Part 3 is the same as Part 2, except this time, use a **Random Forest** or **Gradient Boosting** classifier. You may use scikit-learn, xgboost, or any other library. Then, print your model's cross-validation accuracy score.

In [0]:
from sklearn.ensemble import RandomForestClassifier

In [16]:
forest_model = RandomForestClassifier()

forest_model.fit(X_train_scaled, y_train)

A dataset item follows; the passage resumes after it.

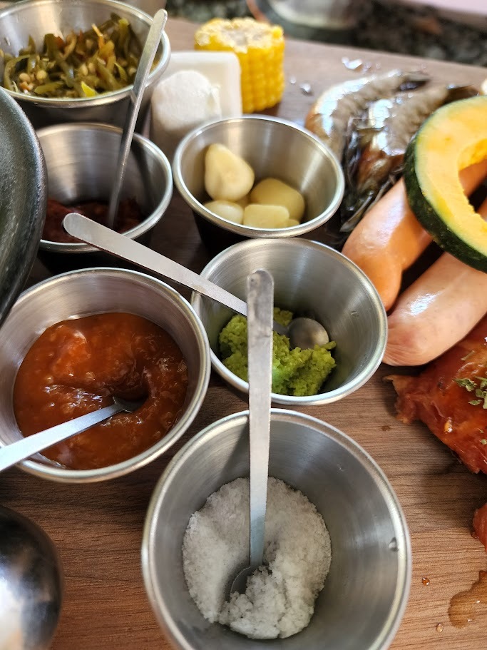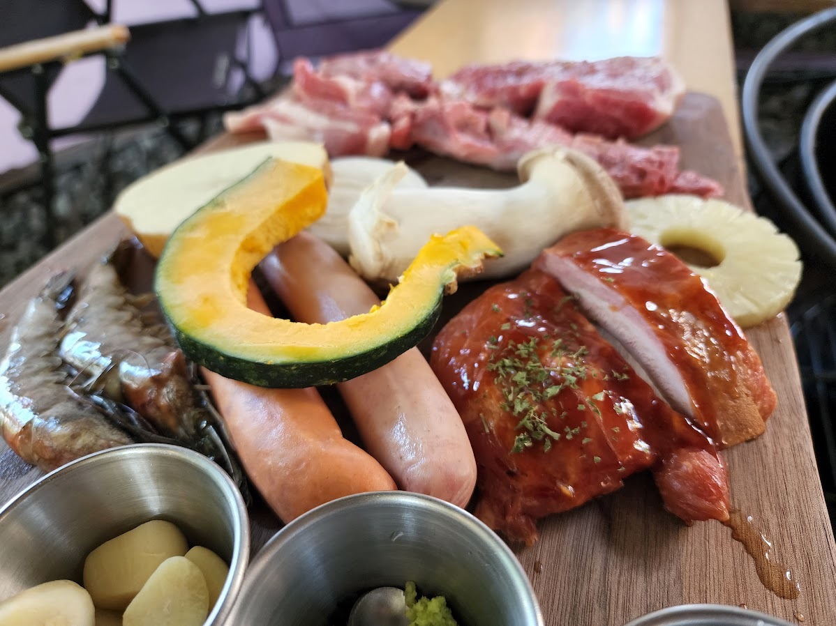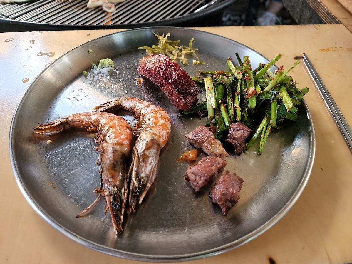 폭립과 소시지와 새우, 그리고 야채류가 있습니다.

RandomForestClassifier(bootstrap=True, class_weight=None, criterion='gini',
            max_depth=None, max_features='auto', max_leaf_nodes=None,
            min_impurity_decrease=0.0, min_impurity_split=None,
            min_samples_leaf=1, min_samples_split=2,
            min_weight_fraction_leaf=0.0, n_estimators=10, n_jobs=None,
            oob_score=False, random_state=None, verbose=0,
            warm_start=False)

In [21]:
forest_score = cross_val_score(model, X_train_scaled, y_train, scoring='accuracy', cv=10, n_jobs=-1, verbose=10)

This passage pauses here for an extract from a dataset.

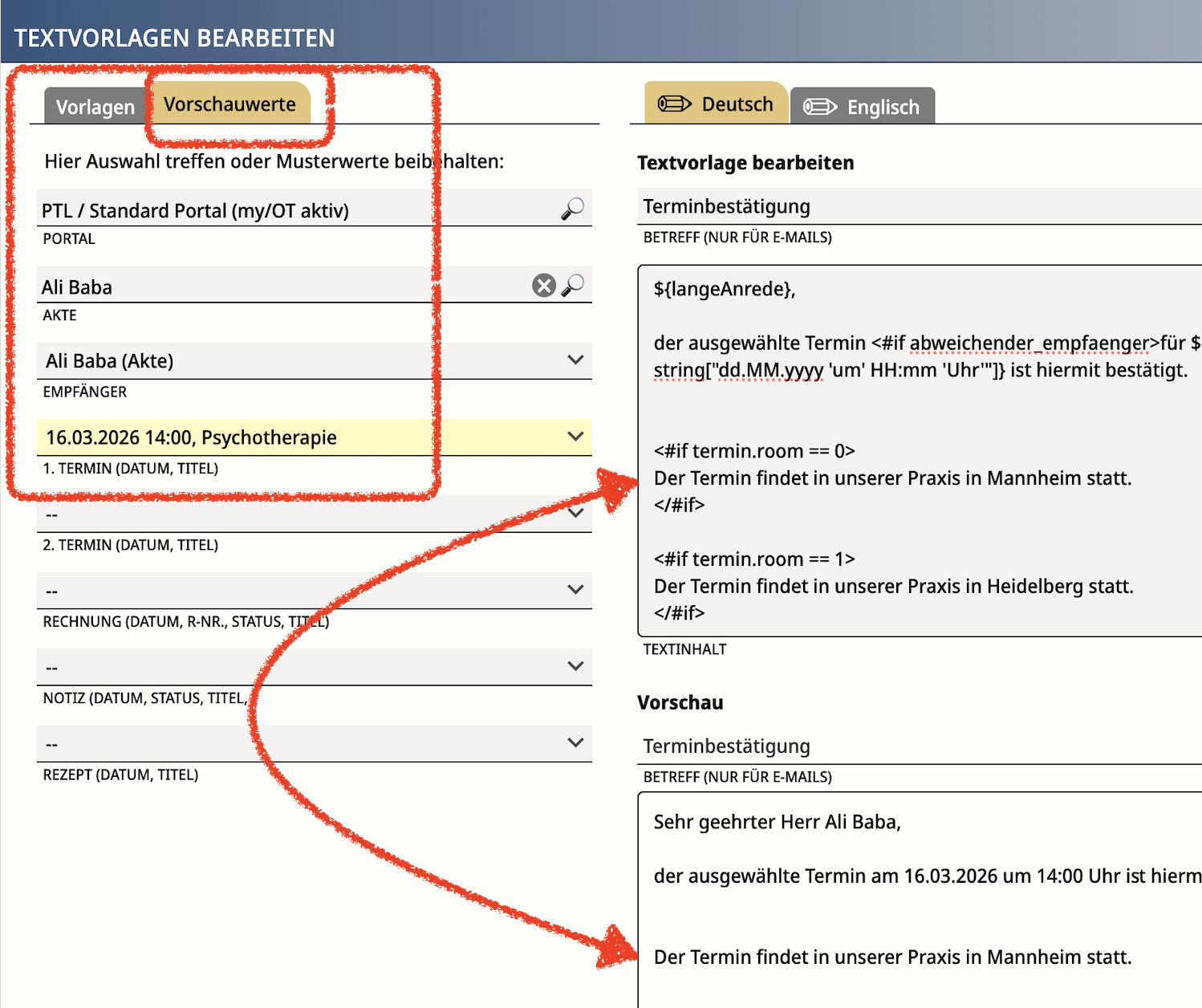 Die Änderungen siehst du dann auch in der Vorschau. Speichere deine Änderungen über "Änderungen an Textvorlage speichern".

[Parallel(n_jobs=-1)]: Using backend LokyBackend with 2 concurrent workers.
[Parallel(n_jobs=-1)]: Done   1 tasks      | elapsed:    2.5s
[Parallel(n_jobs=-1)]: Done   4 tasks      | elapsed:    6.5s
[Parallel(n_jobs=-1)]: Done  10 out of  10 | elapsed:   17.0s finished


In [22]:
# Cross Validation Scores
forest_score

array([0.85917114, 0.84382195, 0.86185725, 0.84727552, 0.8452381 ,
       0.85445469, 0.86136713, 0.84139785, 0.86175115, 0.84331797])

## Part 4 — Calculate classification metrics from a confusion matrix

Suppose this is the confusion matrix for your binary classification model:

<table>
  <tr>
    <td colspan="2" rowspan="2"></td>
    <td colspan="2">Predicted</td>
  </tr>
  <tr>
    <td>Negative</td>
    <td>Positive</td>
  </tr>
  <tr>
    <td rowspan="2">Actual</td>
    <td>Negative</td>
    <td style="border: solid">85</td>
    <td style="border: solid">58</td>
  </tr>
  <tr>
    <td>Positive</td>
    <td style="border: solid">8</td>
    <td style="border: solid"> 36</td>
  </tr>
</table>

Calculate accuracy

In [17]:
print("Accuracy:")
(85 + 36) / (85 + 36 + 58 + 8)

Accuracy:


0.6470588235294118

Calculate precision

In [18]:
print("Precision:")
(36) / (36 + 58)

Precision:


0.3829787234042553

Calculate recall

In [19]:
print("Recall:")
(36) / (36 + 8)

Recall:


0.8181818181818182

## BONUS — How you can earn a score of 3

### Part 1
Do feature engineering, to try improving your cross-validation score.

### Part 2
Experiment with feature selection, preprocessing, categorical encoding, and hyperparameter optimization, to try improving your cross-validation score.

### Part 3
Which model had the best cross-validation score? Refit this model on the train set and do a final evaluation on the held out test set — what is the test score? 

### Part 4
Calculate F1 score and False Positive Rate.